* **What this task involves**
Print nothing beyond the line with "сумка 21х14х8,5см розовый": every line from the beginning of the data up to it, that line included, and no pictures.
-------- Provided entries --------
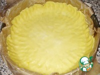 Тесто наколоть вилкой в нескольких местах, иначе будет подниматься. Выпекать основу при 200 градусах в разогретой духовке 25-30 минут. Вынуть и поставить остывать. |
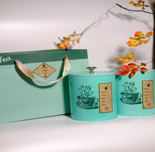 Một set quà tặng trà Olong Kim Tuyên sẽ bao gồm hai hộp trà Olong Kim Tuyên 500g với màu xanh ngọc nhã nhặn nhưng không kém phần thanh lịch, tạo cảm giác tinh tế khi đem tặng. Ngoài ra set có túi đi kèm bên ngoài giúp quý khách dễ dàng mang xách, gọn nhẹ.
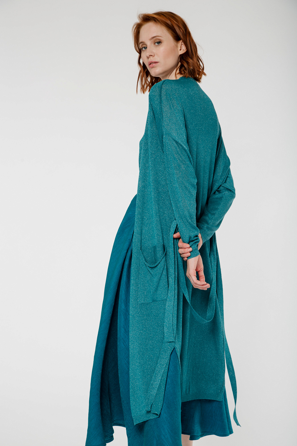 Lightweight long viscose cardigan with long sleeves, patch pockets and tie belt.
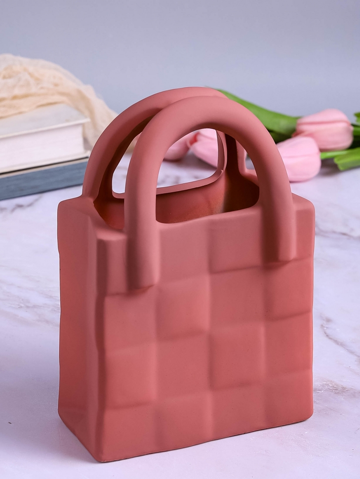 / Кашпо керамика сумка 21х14х8,5см розовый
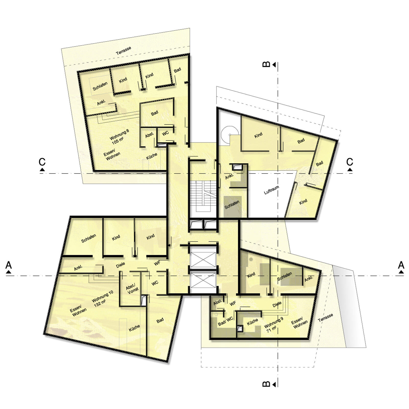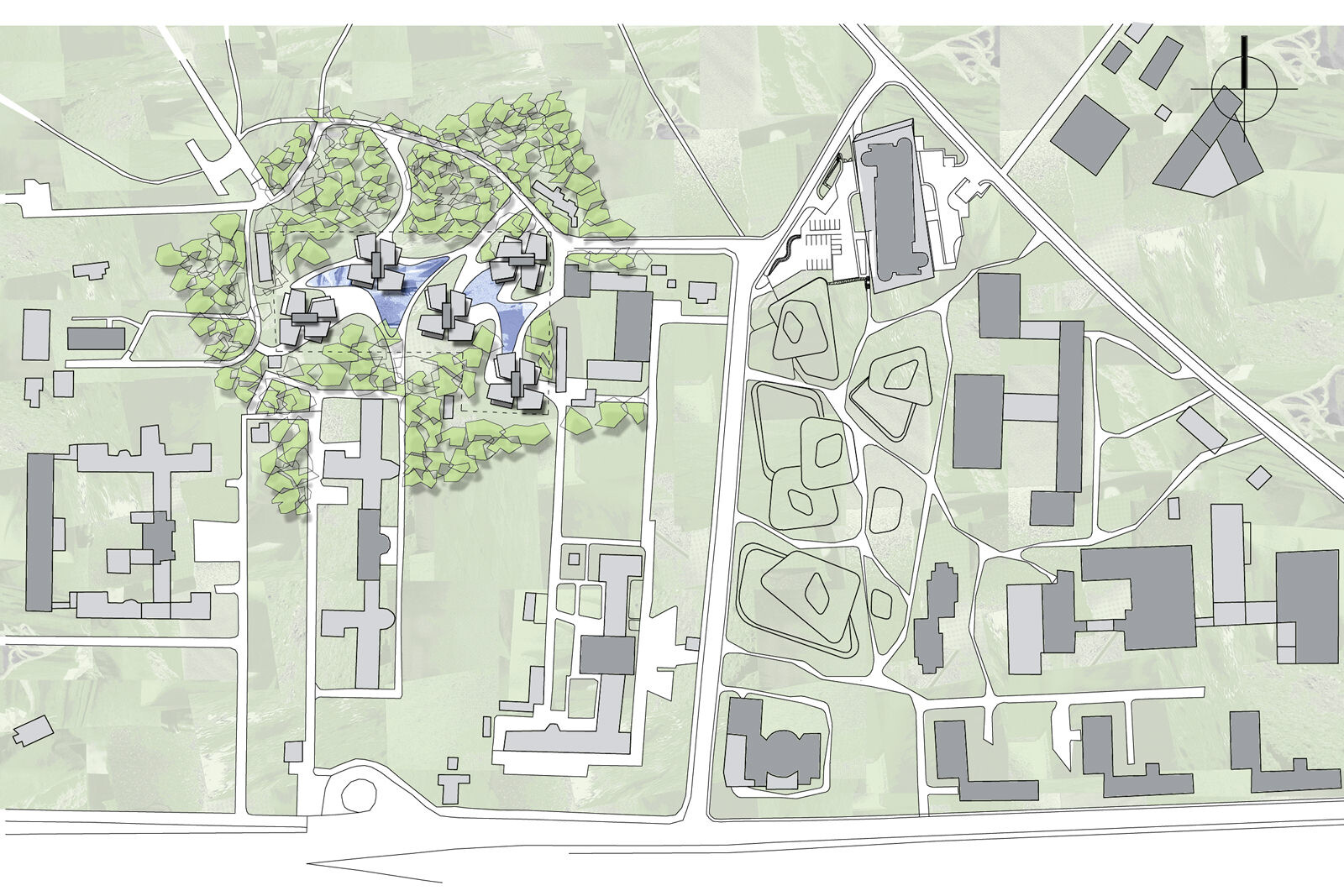 Das Baugebiet liegt am nord-westlichen Rand Moskaus. Die fünf Wohngebäude gruppieren sich um ein gemeinsames Zentrum - eine Parklandschaft im Stil eines englischen Landschaftsgartens. Jedes der 11-geschossigen Häuser beinhaltet 35 Wohnungen in der Größe von 70 bis 170 m².
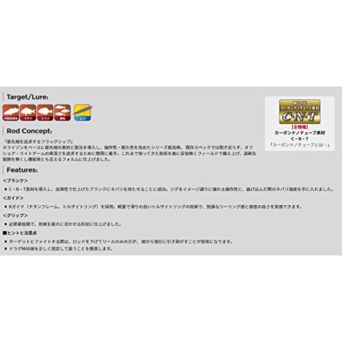 ライトジギングスピニングロッドのスタンダードモデルです。10,000円を切るお求めやすい価格も魅力的で、不意に大物がかかっても問題なく、釣り上げることが可能です。中断性カーボンを採用した粘りがあり扱いやすい素材で、ガイドは信頼できるFUJI製。ジグをしっかりとアクションさせることができ、初心者からベテランまで対応でき、ショアから船までこなせる扱いやすいロッドです。
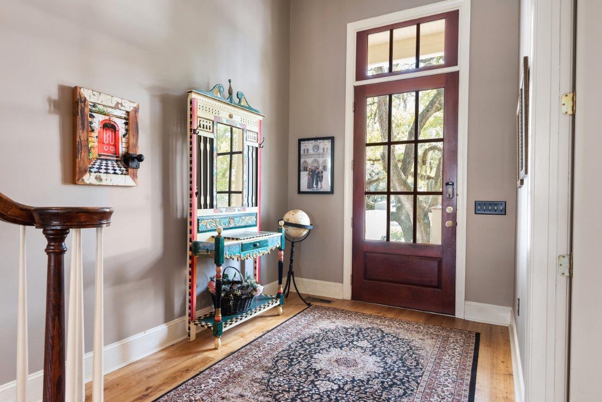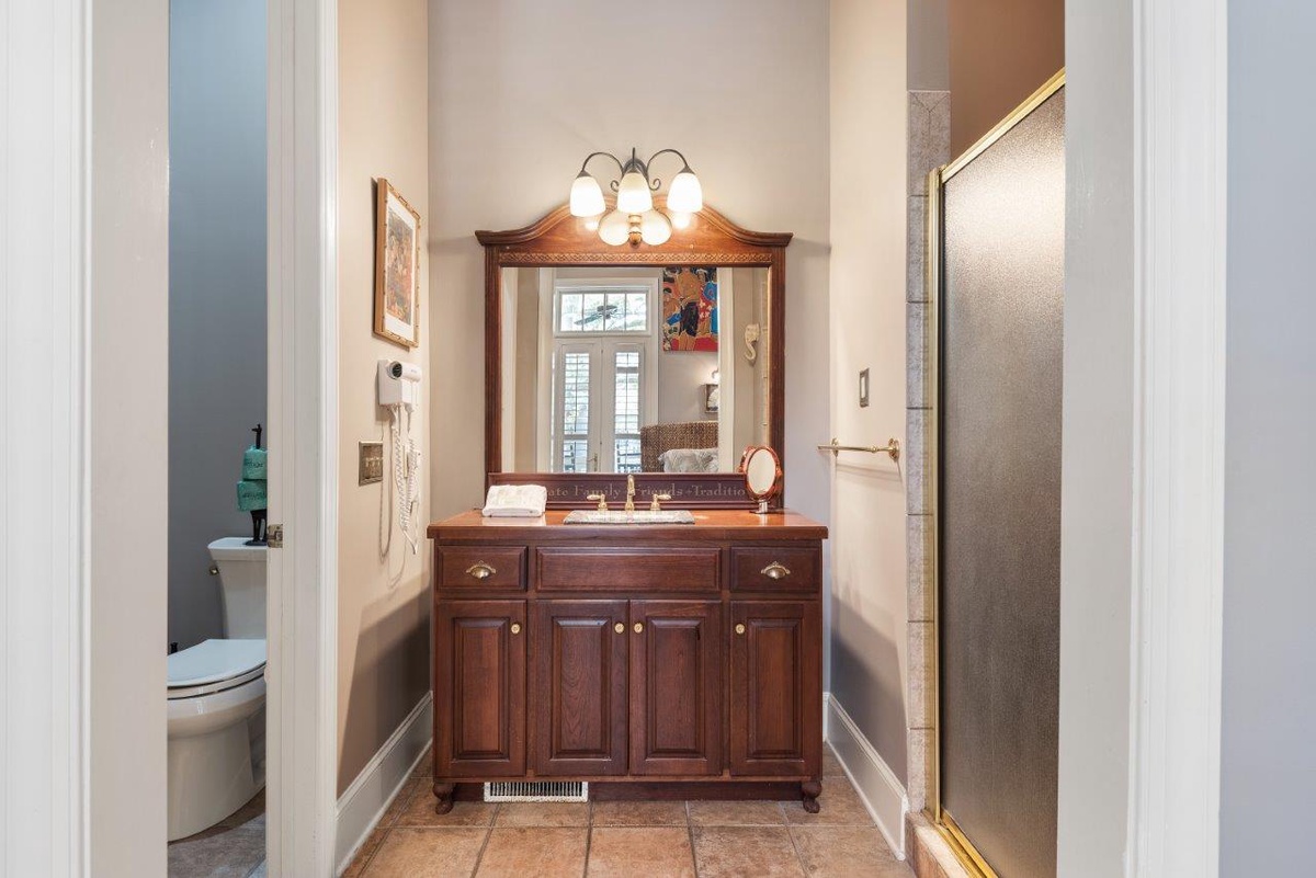 The tour of the South continues with a pair of upstairs guest rooms, the Charleston Suite and the Savannah suite. Each boasts a king-size bed set between dazzling pillars, as well as private baths with jacuzzi tubs and walk-in showers, and shared access to the stunning second-story porch.
--------
* **Solution below**
 Тесто наколоть вилкой в нескольких местах, иначе будет подниматься. Выпекать основу при 200 градусах в разогретой духовке 25-30 минут. Вынуть и поставить остывать. |
 Một set quà tặng trà Olong Kim Tuyên sẽ bao gồm hai hộp trà Olong Kim Tuyên 500g với màu xanh ngọc nhã nhặn nhưng không kém phần thanh lịch, tạo cảm giác tinh tế khi đem tặng. Ngoài ra set có túi đi kèm bên ngoài giúp quý khách dễ dàng mang xách, gọn nhẹ.
 Lightweight long viscose cardigan with long sleeves, patch pockets and tie belt.
 / Кашпо керамика сумка 21х14х8,5см розовый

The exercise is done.